**REQUIRED WORK:** The answer should contain only the lines from the beginning of the entries through the line that holds "vertikale Anschlussgarnitur mit", given again exactly, with no pictures.

─── LISTED RECORDS ───

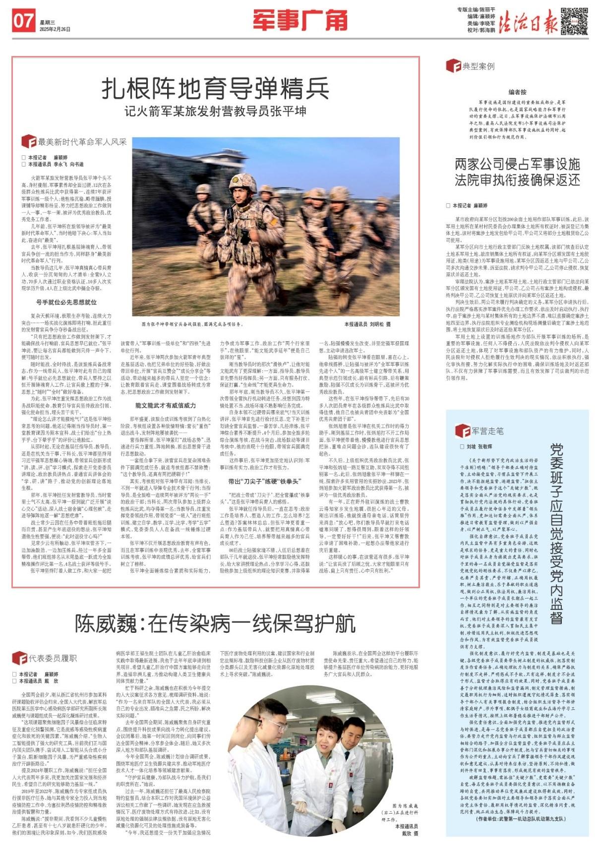 陸強(qiáng)的轉(zhuǎn)變張平坤看在眼里、喜在心上。他牽線搭橋,讓陸強(qiáng)與被評為“全軍軍事訓(xùn)練先進(jìn)個(gè)人”的一名高級軍士建立幫帶關(guān)系,用典型示范引領(lǐng)成長。前有標(biāo)兵引路,后有鞭策激勵(lì),陸強(qiáng)不僅成長為訓(xùn)練骨干,還被評為優(yōu)秀政治教員。
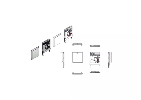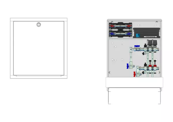 vertikale Anschlussgarnitur mit Wärmezählerverohrung, Verteiler mit Durchflussanzeiger 0-3 l/min im Vorlaufbalken und Thermostatventileinsatz M30x1,5 im Rücklaufbalken, vormontierte Stellantriebe und Klemmleiste mit Vorverdrahtung, Wasserzählerstrecken Trinkwasser kalt und warm, Comfort-Unterputz-Schrank mit Frontblende RAL 9016
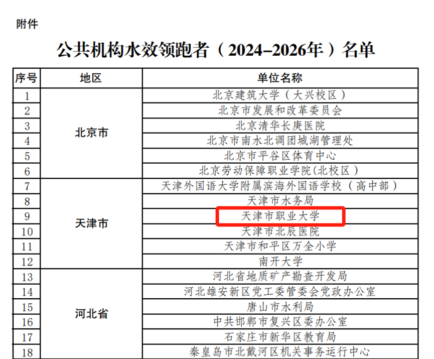 近日,国管局、国家发展改革委、水利部联合发布了《公共机构水效领跑者(2024-2026年)名单》,经组织推荐、材料初审、专家评审、复核答辩、现场查验和公示等环节,beat365作为天津市6所获评单位之一成功入选。
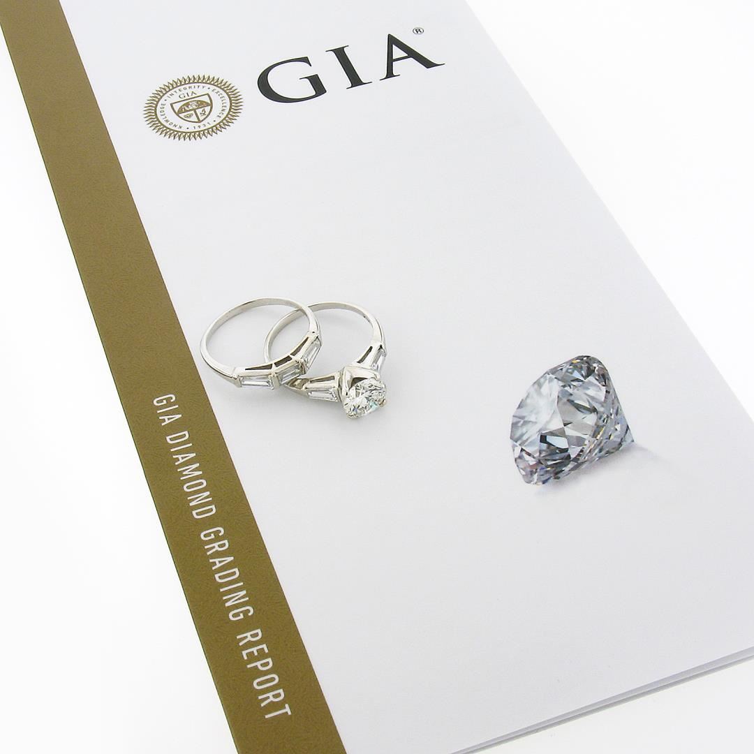 A vintage solid 14k white gold engagement wedding band ring set, with 1 GIA graded round brilliant cut natural diamond ( H - SI1 ; 1.64ct), and 5 straight & tapered baguette cut natural diamonds (G/H - VS1/VS2 ; 1.30ctw). The ring is size 7.0, weighs a total of 4.82 grams, and measures 3.2mm wide. Comes with all original relevant certifications.
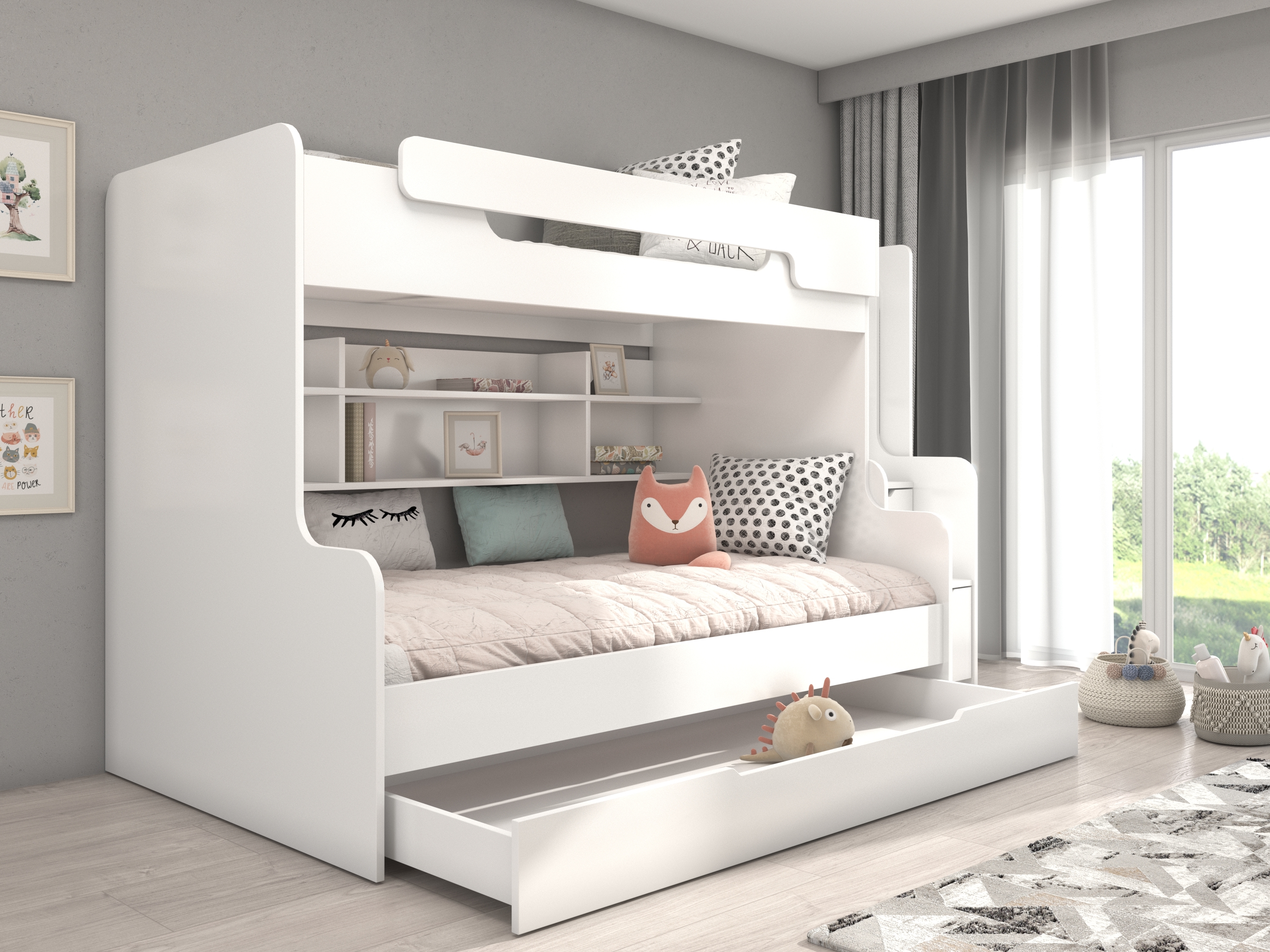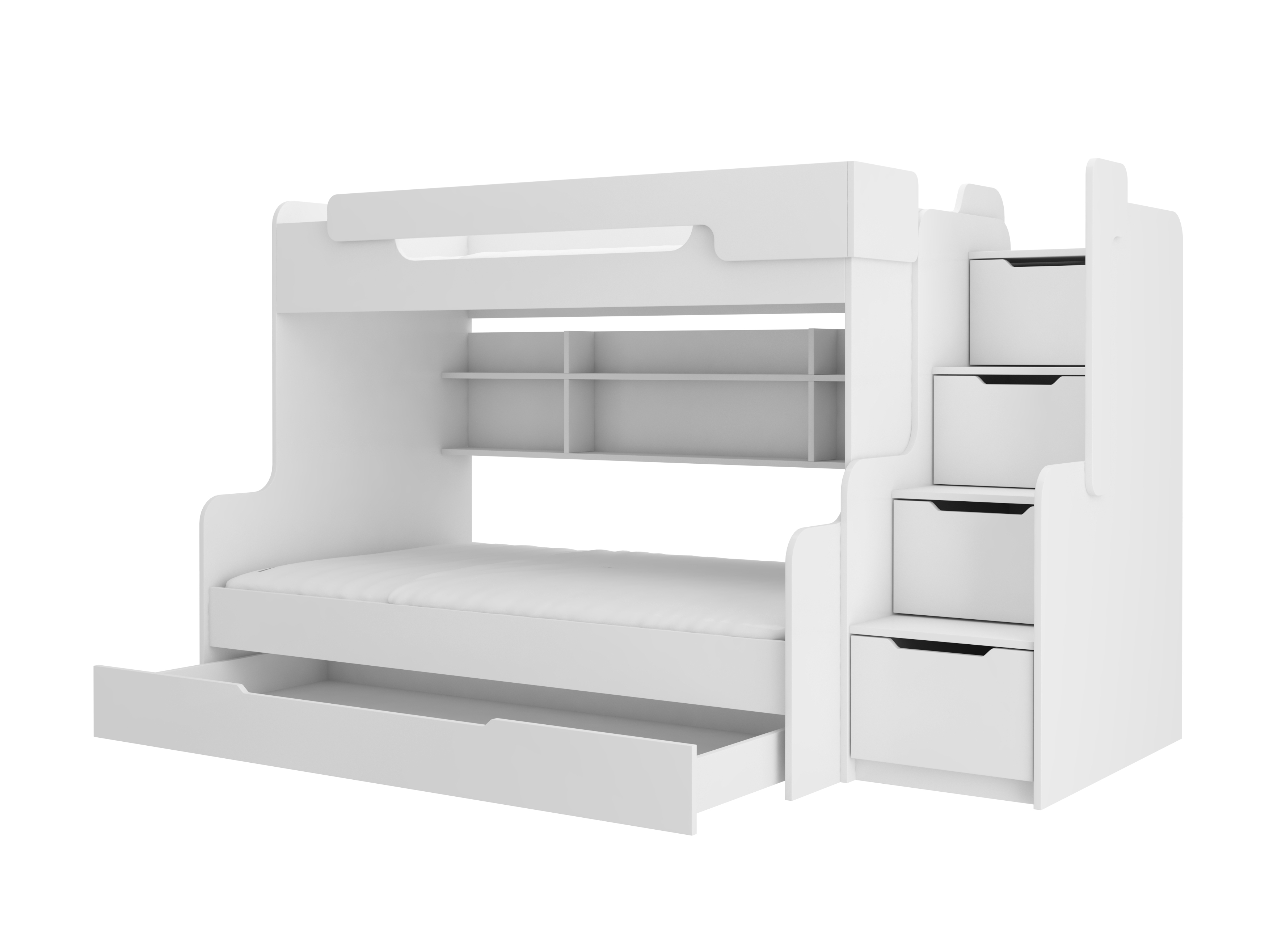 Pat etajat pentru copii 200x90 cm, 200x120 cm Homer (cu somieră și saltea) (Alb)
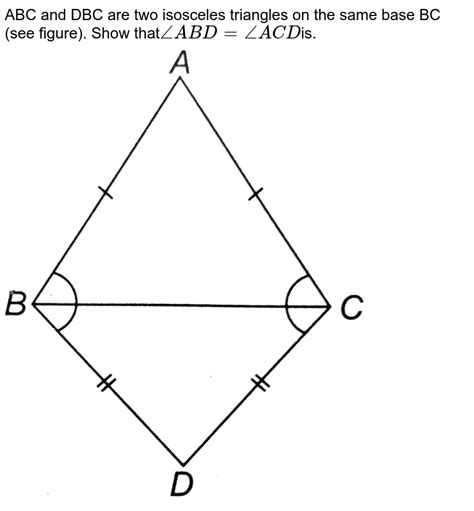 First off, let’s make sure we’re all on the same page. We have two triangles: triangle ABC and triangle DBC. The key thing here is that both of these triangles share the same base, which is the line segment BC. Think of it like two tents pitched side-by-side along the same ground line. This shared base is what ties these two triangles together and allows us to explore some interesting geometric properties. When you’re tackling geometry problems, always start by identifying the key elements – in this case, the shared base. Recognizing this shared element is often the first step in unlocking the solution and understanding the underlying relationships between the shapes. So, keep your eyes peeled for common bases, common angles, or any other shared features – they’re your best friends in geometry!
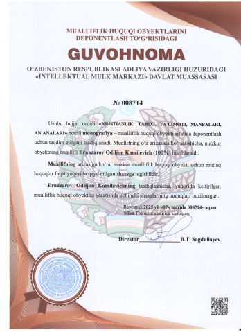 608 | №008714 | Monografiya - "XRISTIANLIK: TARIXI, TA’LIMOTI, MANBALARI, AN’ANALARI" | Ernazarov Odiljon Kamilevich (100%) | Ernazarov Odiljon Kamilevich | 03/07/2025 | ![]() |
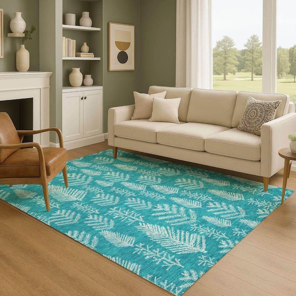 Mayfield Premium Machine Washable Abstract AMF1813 Teal 3 ft. x 4 ft. Area Rug
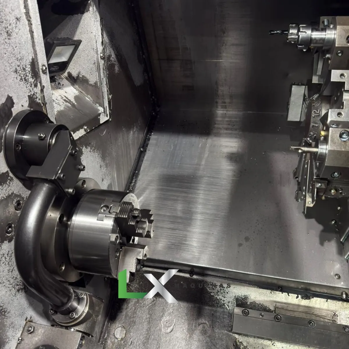 3. Quais recursos e acessórios esse torno possui? Resposta: Comando Fanuc 0i-TC, placa hidráulica de 6″, pré-setter, contraponto hidráulico, torre porta-ferramentas com 12 posições e transportador de cavacos — ideal para produção contínua e redução de setups.
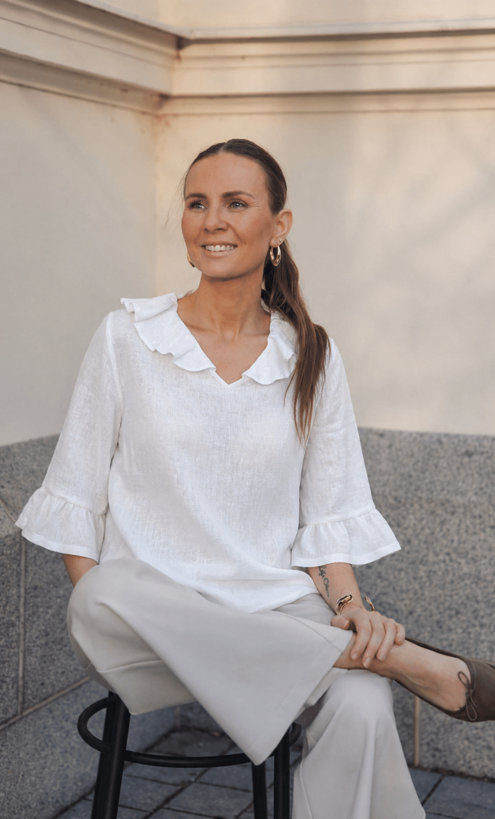 LINEN Ruffle Shirt -pellavapusero on valmistettu laadukkaasta 100 % pellavasta. Koristerypytys edessä. Klassinen pellavapaita, joka on takaa hieman pidempi kuin edestä.

───

**SOLUTION FOR THIS PROBLEM:**
 陸強(qiáng)的轉(zhuǎn)變張平坤看在眼里、喜在心上。他牽線搭橋,讓陸強(qiáng)與被評為“全軍軍事訓(xùn)練先進(jìn)個(gè)人”的一名高級軍士建立幫帶關(guān)系,用典型示范引領(lǐng)成長。前有標(biāo)兵引路,后有鞭策激勵(lì),陸強(qiáng)不僅成長為訓(xùn)練骨干,還被評為優(yōu)秀政治教員。
 vertikale Anschlussgarnitur mit Wärmezählerverohrung, Verteiler mit Durchflussanzeiger 0-3 l/min im Vorlaufbalken und Thermostatventileinsatz M30x1,5 im Rücklaufbalken, vormontierte Stellantriebe und Klemmleiste mit Vorverdrahtung, Wasserzählerstrecken Trinkwasser kalt und warm, Comfort-Unterputz-Schrank mit Frontblende RAL 9016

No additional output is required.